• EXERCISE:
Transcribe the data verbatim and drop its images.

• GIVEN DATA:
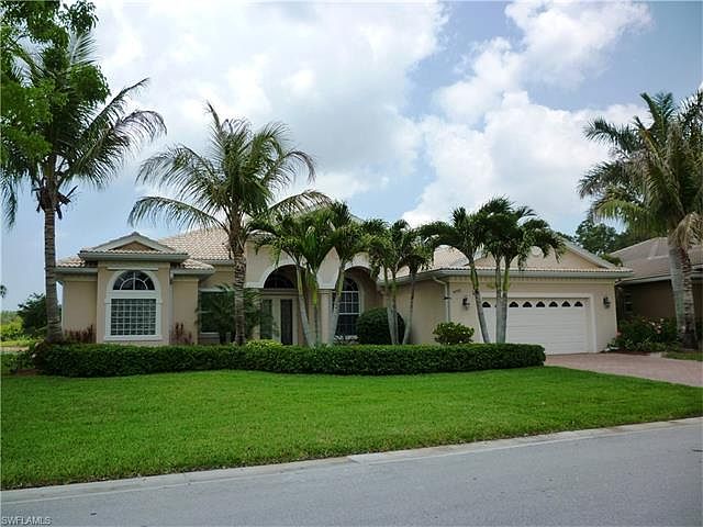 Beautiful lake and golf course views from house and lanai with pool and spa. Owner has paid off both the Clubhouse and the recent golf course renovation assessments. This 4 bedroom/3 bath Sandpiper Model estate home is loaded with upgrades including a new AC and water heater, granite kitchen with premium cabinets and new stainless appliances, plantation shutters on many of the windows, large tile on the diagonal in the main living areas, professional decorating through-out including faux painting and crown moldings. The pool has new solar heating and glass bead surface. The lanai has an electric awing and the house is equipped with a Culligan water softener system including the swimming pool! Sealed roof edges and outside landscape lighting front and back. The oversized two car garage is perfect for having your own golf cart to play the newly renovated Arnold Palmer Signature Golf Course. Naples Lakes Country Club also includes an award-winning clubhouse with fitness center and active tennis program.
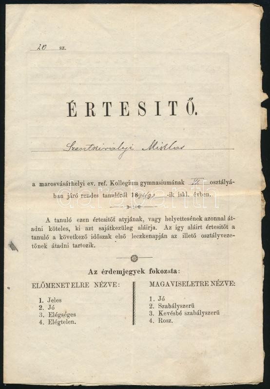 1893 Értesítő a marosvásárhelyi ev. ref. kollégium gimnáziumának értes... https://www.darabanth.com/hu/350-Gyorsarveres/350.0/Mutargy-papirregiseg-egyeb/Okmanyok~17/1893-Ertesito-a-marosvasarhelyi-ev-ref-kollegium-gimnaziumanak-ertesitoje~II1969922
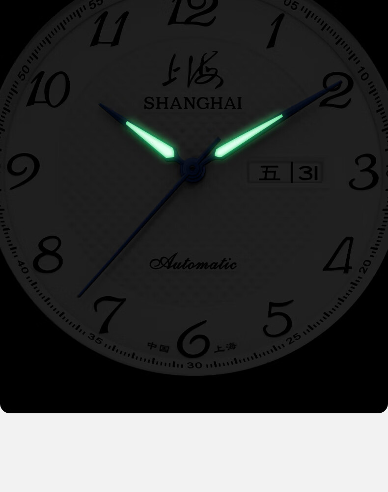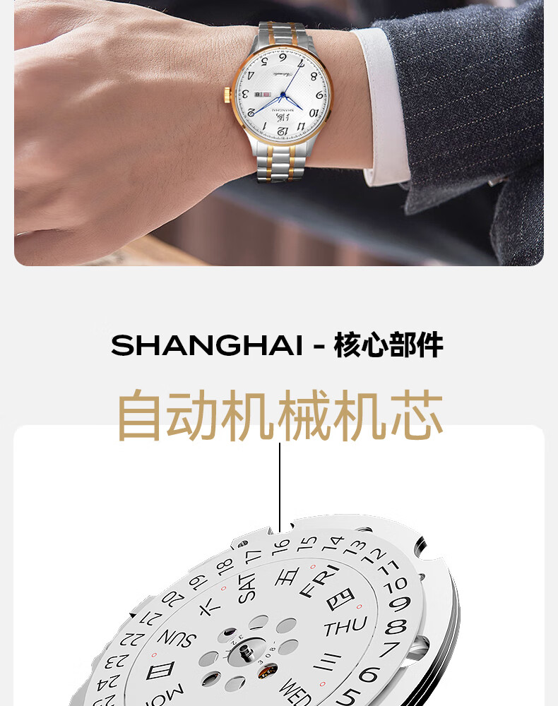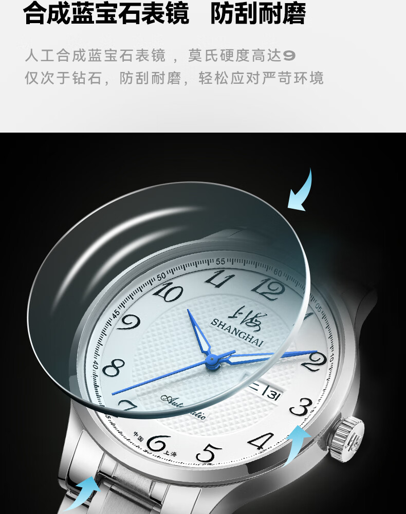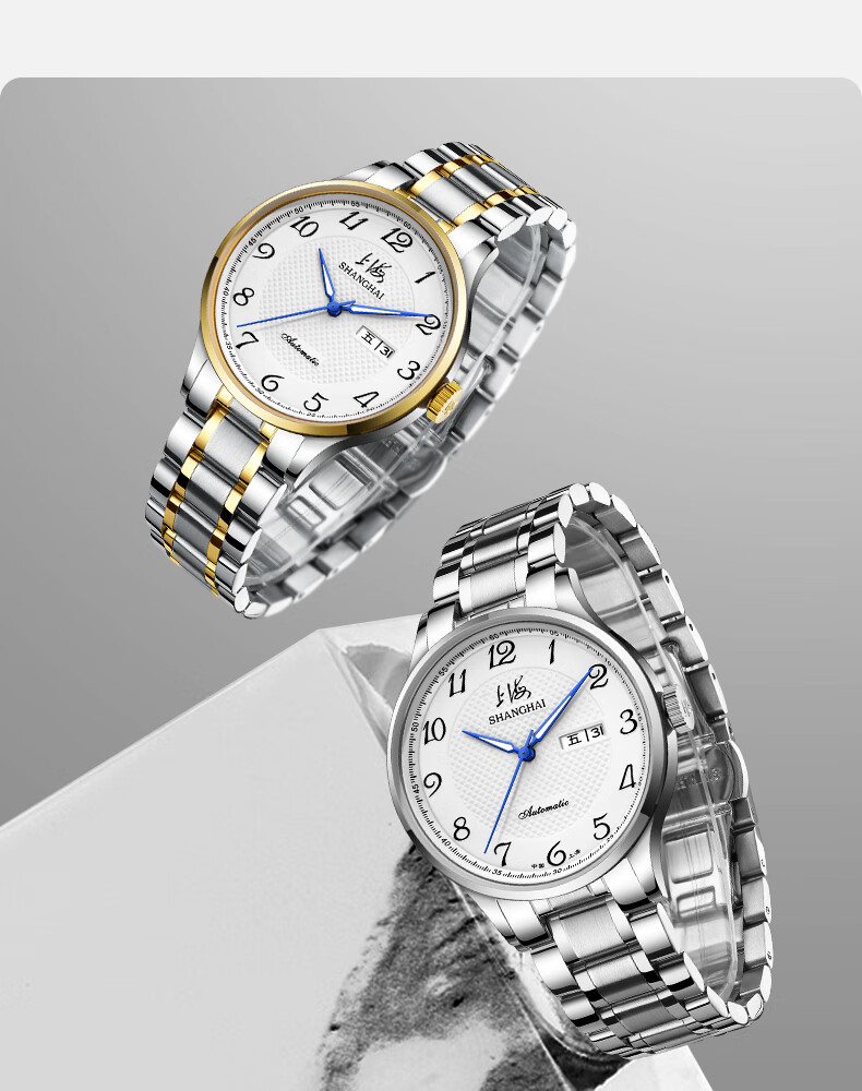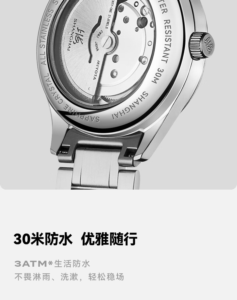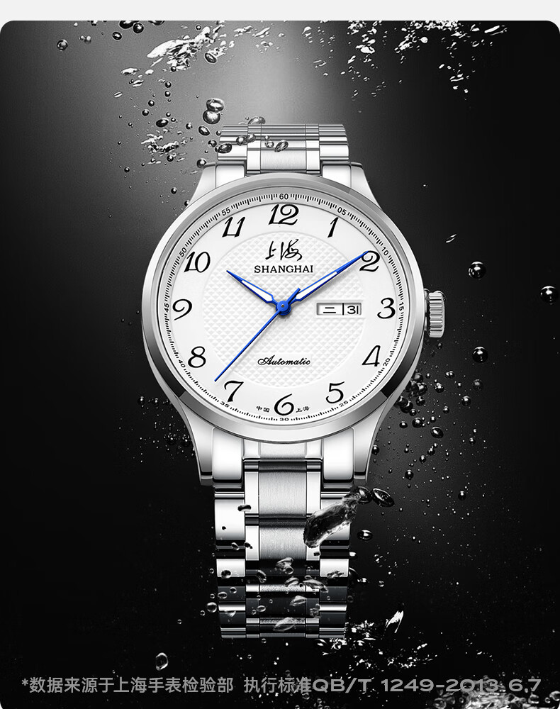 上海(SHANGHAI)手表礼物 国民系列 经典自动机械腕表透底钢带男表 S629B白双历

• REPLY:
 Beautiful lake and golf course views from house and lanai with pool and spa. Owner has paid off both the Clubhouse and the recent golf course renovation assessments. This 4 bedroom/3 bath Sandpiper Model estate home is loaded with upgrades including a new AC and water heater, granite kitchen with premium cabinets and new stainless appliances, plantation shutters on many of the windows, large tile on the diagonal in the main living areas, professional decorating through-out including faux painting and crown moldings. The pool has new solar heating and glass bead surface. The lanai has an electric awing and the house is equipped with a Culligan water softener system including the swimming pool! Sealed roof edges and outside landscape lighting front and back. The oversized two car garage is perfect for having your own golf cart to play the newly renovated Arnold Palmer Signature Golf Course. Naples Lakes Country Club also includes an award-winning clubhouse with fitness center and active tennis program.
 1893 Értesítő a marosvásárhelyi ev. ref. kollégium gimnáziumának értes... https://www.darabanth.com/hu/350-Gyorsarveres/350.0/Mutargy-papirregiseg-egyeb/Okmanyok~17/1893-Ertesito-a-marosvasarhelyi-ev-ref-kollegium-gimnaziumanak-ertesitoje~II1969922
 上海(SHANGHAI)手表礼物 国民系列 经典自动机械腕表透底钢带男表 S629B白双历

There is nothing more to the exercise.